Hello, there! I'm Jakob. This blog is about programming, mostly, and sometimes biology.
When studying in university to become a molecular biologist, I discovered my love for programming during a course in bioinformatics. I became obsessed, and one year later began a PhD in bioinformatics where I could combine my two loves: Genomics and coding.
Even though it was as late as 2016, Python had just replaced Perl as the lingua franca in bioinfo. I quickly developed a strong dislike for Perl and R, and dove headfirst into Python, wanting to learn as much as possible, and wanting to use Python for everything.
While Python was great and flexible, I spent the next year butting my head against the performance wall. See, I worked in metagenomics, a sub-field of bioinfo characterised by large datasets. When developing my main PhD project, Vamb, it quickly became clear that "Python for everything" just was not feasible. I really tried though - attempting to master Numpy, Numba and PyTorch and Cython, all in order to squeeze acceptable performance out of Python. Eventually, Vamb ended up using a combination of Numpy, Pytorch and Cython (yes, all three).
In my desperate search for good solutions, I stumbled upon Julia. I didn't like it in the beginning. It was too unlike Python - too weird. But boy, could it run fast. After seeing my own clumsy Julia code easily beat my optimized Cython, I tried to give Julia a shot. Eventually, the weirdness wore off and its underlying design beauty began to shine through to me.
Much later, perhaps around early of 2020, I decided I needed to learn a statically compiled language to broaden my skills. I decided Rust would complement Julia well, as the two languages had wildly different design goals. So I gave Rust a go, and had to quit in frustration. Tried again later, and failed again, but somehow it stuck the third time. Unlike Julia, I instantly liked Rust, even when I felt too dumb for it. It was just too well designed to not like. It had all the stuff I didn't like about Julia.

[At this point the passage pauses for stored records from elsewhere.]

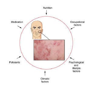 Zanieczyszczenia powietrza wywierają szkodliwy wpływ na skórę, zwiększając stres oksydacyjny (nadmiar wolnych rodników). Zjawisko to jest bardziej nasilone u pacjentów ze skórą trądzikową niż ze skórą niezmienioną chorobowo, ze względu na obniżony poziom witaminy E, niedobór kwasu linolowego oraz utleniony skwalen. Pomimo to potrzebne są dalsze badania, aby lepiej zrozumieć związek między zanieczyszczeniem powietrza, a występowaniem danej dermatozy.
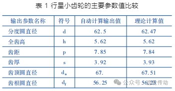行星小齒輪工程應用設計:已知行星小齒輪的設計模數 m = 2.5,齒數 z = 25,分別使用試驗系統和人工計算,對其系統自動計算輸出值與理論計算值進行對比分析,結果如表 1 所示,在誤差允許范圍內,系統輸出值與理論值高度一致。
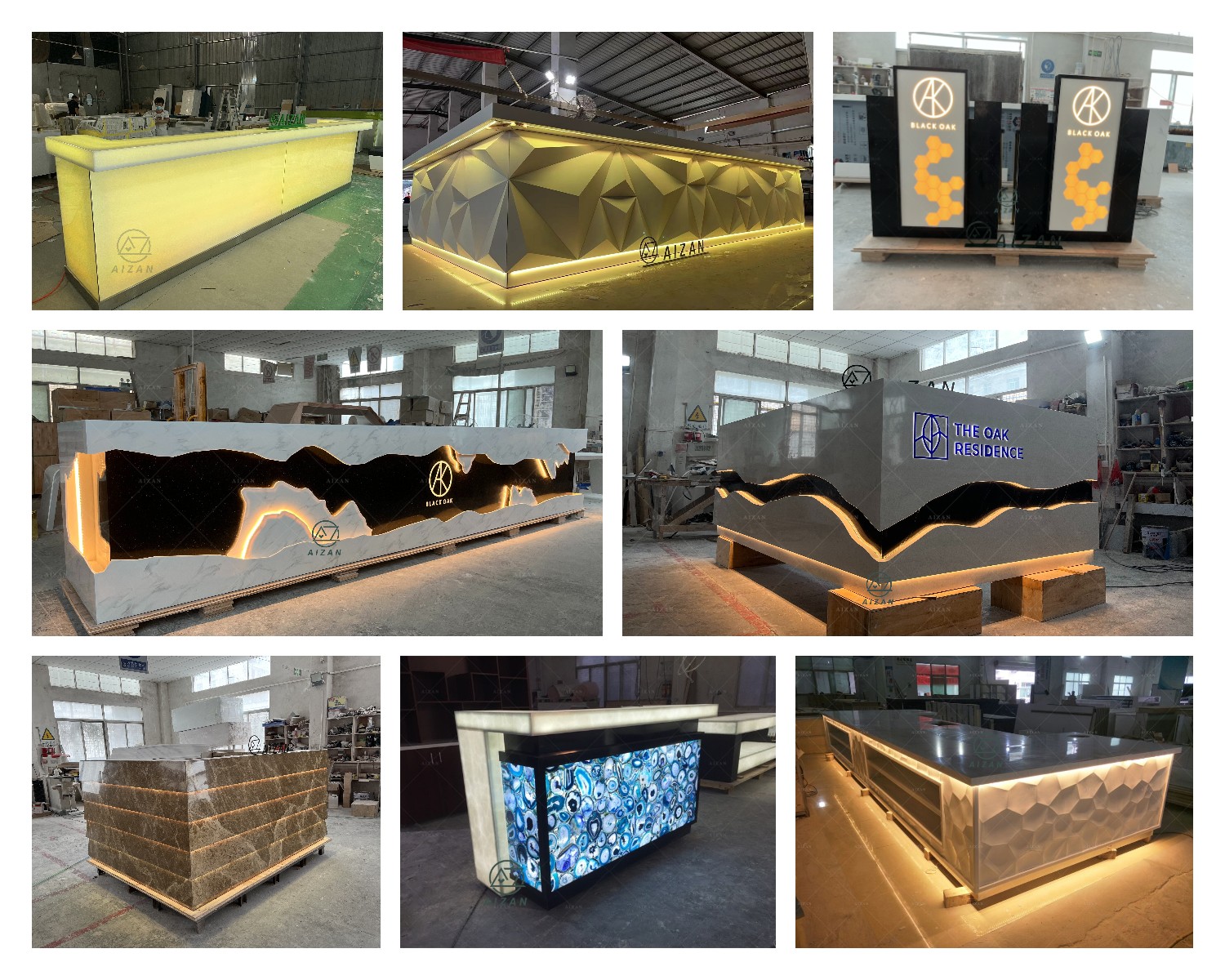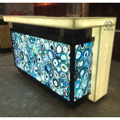 2. Material : 18mm plywood frame + 12mm Onyx Stone / Corian solid surface/artificial stone finishing for high quality wine bar counter
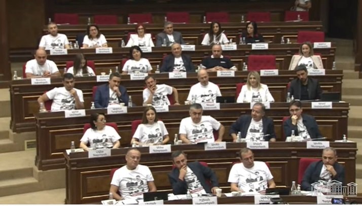 «Հայաստան» դաշինքի պատգամավորները՝ Սյունիքի ազատազրկված համայնքապետերի նկարներով շապիկներով
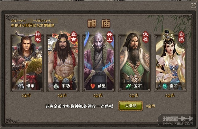 通过祭祀可以获得银币、军功、威望、玉石、宝石,活动期间效果翻倍!
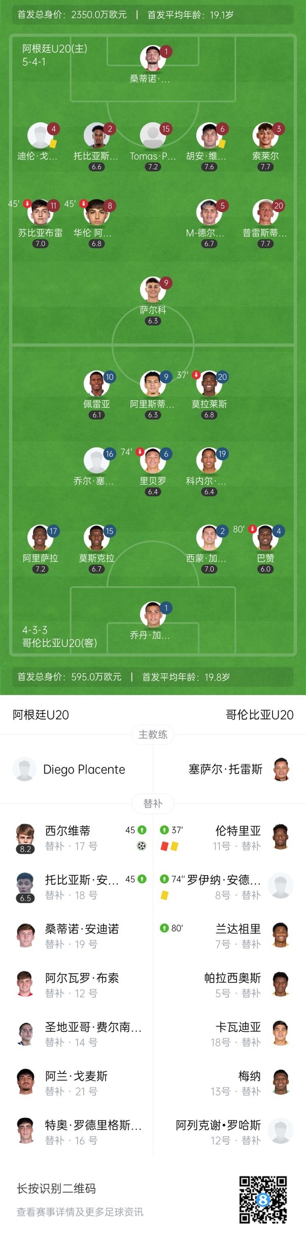 下半场补时5分钟,U20阿根廷1-0哥伦比亚U20。
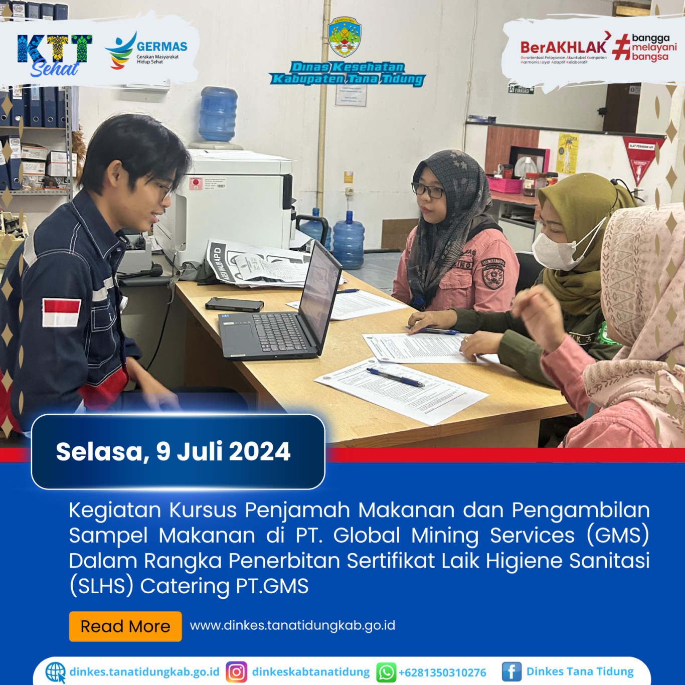 Dinas Kesehatan Kabupaten Tana Tidung melaksanakan kegiatan kursus penjamah makanan dan pengambilan sampel makanan di PT. Global Mining Services (GMS) dalam rangka ..

Currently, I use Julia and Python on a daily basis at work, making scientific software.
Besides this blog, I have made a few things, including:
Vamb - variational autoencoders for metagenomic binning
Alen - simple terminal alignment viewer.
ScanByte.jl - find a byte in a chunk of memory - fast.
StackCollections.jl - optimized, fixed-bit collections.
MinHash.jl - efficient, generic minhashing.
LibDeflate.jl - bindings to the fast de/compression library libdeflate.
CodecBGZF.jl - read and write BGZF files.
ErrorTypes.jl - Rust-like recoverable error types.